Our purpose at Hollard is to enable more people to create and secure a better future, and one way to do this is by fostering a learning environment. Every Hollardite has an individual development plan that not only identifies learning needs for their current role, but also for their potential future position. By understanding any skills gaps – and addressing them – we’ll go a long way in retaining our valuable Hollardite.

Learnerships, internships, graduate programmes, IT and data science programmes, and even the digital masterclasses we’ve been running for some months, offer us opportunities to develop our people. In the broader context. More universities are offering insurance-related qualifications, too.

It’s vital to deliberately focus on the development of our talent in line with our succession planning, and to drive development to meet the needs of our broker partners, through learnerships, for example. We supported sectoral programmes such as the Insurance Young Guns forum for insurance professionals under 35 – which exposed learners as early as Grade 11 and 12 to the industry – and this was also instrumental in growing human capital for the industry.

Leadership and purpose matter, too. Aside from the Hollardite culture and brand, our succession plans and how we manage talent are what set us apart. Every leader with Hollardites reporting to them is a people manager. Regular conversations with team members go a long way in keeping the most talented people on board. Mentoring and buddying with new entrants is the start of engagement.

Also, aligned to our purpose, we have a social responsibility to address unemployment in South Africa. Our initiatives include participating in learnerships in the panelbeating and broker environments.

6. How do you see technology playing a much more significant role in insurance product development and distribution in the next few years?

There is no doubt that technology is playing, and will continue to play, an increasingly important role in insurance. Everything that is insurance – from automating admin and data capture to claims and developing insurance products for the future – will be touched by technology in some way.

That leaves insurance people to do the important stuff: looking after the interests of their customers and brokers.

7. What would you point out as key areas of concern for the insurance industry for the next three to five years?
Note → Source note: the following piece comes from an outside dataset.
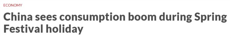 马来西亚《星报》23日报道称,在创纪录的9天春节假期期间,中国各领域消费活动强劲,这为世界第二大经济体巩固复苏势头传递了积极信号,也彰显了消费者信心。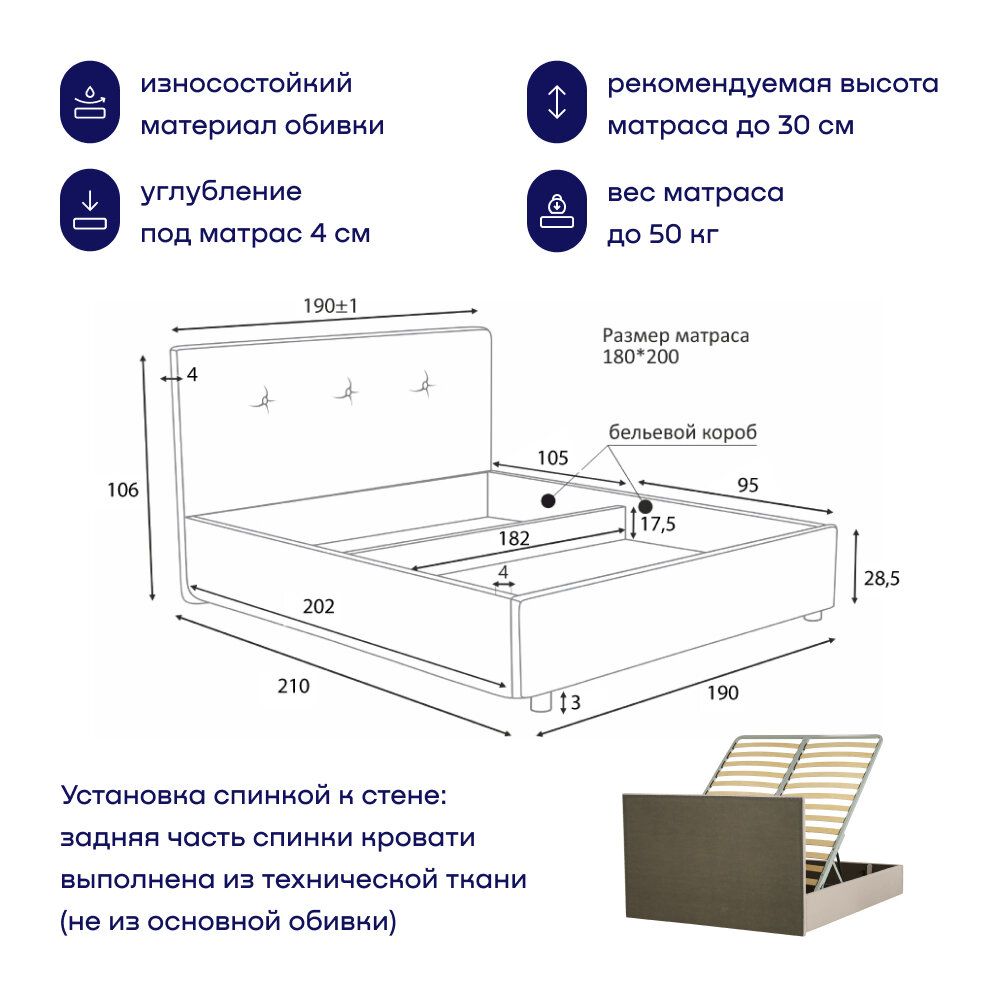 Двуспальная кровать buyson BuyRelax 200х180 с подъемным механизмом, бежевая микровелюр информация:

Possibly our biggest concern is climate change, and in recent years we’ve seen startling increases in natural catastrophes – not only in frequency, but in severity and location. Recent flooding in KwaZulu-Natal and the Western Cape, as well as the earthquake in Gauteng, are cases in point.

COVID-19 also placed immense strain on the insurance industry worldwide. Here in South Africa, economic uncertainty and terrible political violence, along with load-shedding, have presented massive challenges.

All of these risks, combined with reticence by the reinsurance sector to cover them, leads to unpalatable choices: insurers are compelled to either drop certain forms of insurance cover, or hike premiums. In some cases it could become unaffordable.

8. If you could go back and give your 18-year-old self one piece of advice, what would it be?

“Forget about being a CA, young man. Go and work within the heartbeat of the economy (which is what insurance is) and make substantial, life-changing differences in people’s lives. You’ll love it!”

I wish I’d had someone advise me to consider insurance as a career. Even now, not enough young people set out to follow this fulfilling career. They have to find it, like I did.

9. What is the one book you would recommend to your audience, and why?

Take a look at Net Positive: How Courageous Companies Thrive by Giving More Than They Take, by Paul Polman and Andrew Winston.

Polman, former CEO of Unilever, and Winston, a corporate sustainability expert, explain how tackling humanity’s greatest challenges – climate change and inequality – can be the foundation for a thriving business.

I’m proud to say that this book’s premise dovetails with Hollard’s business purpose, called Better Futures: everything we do, and how we do it, must create and secure better futures for more people.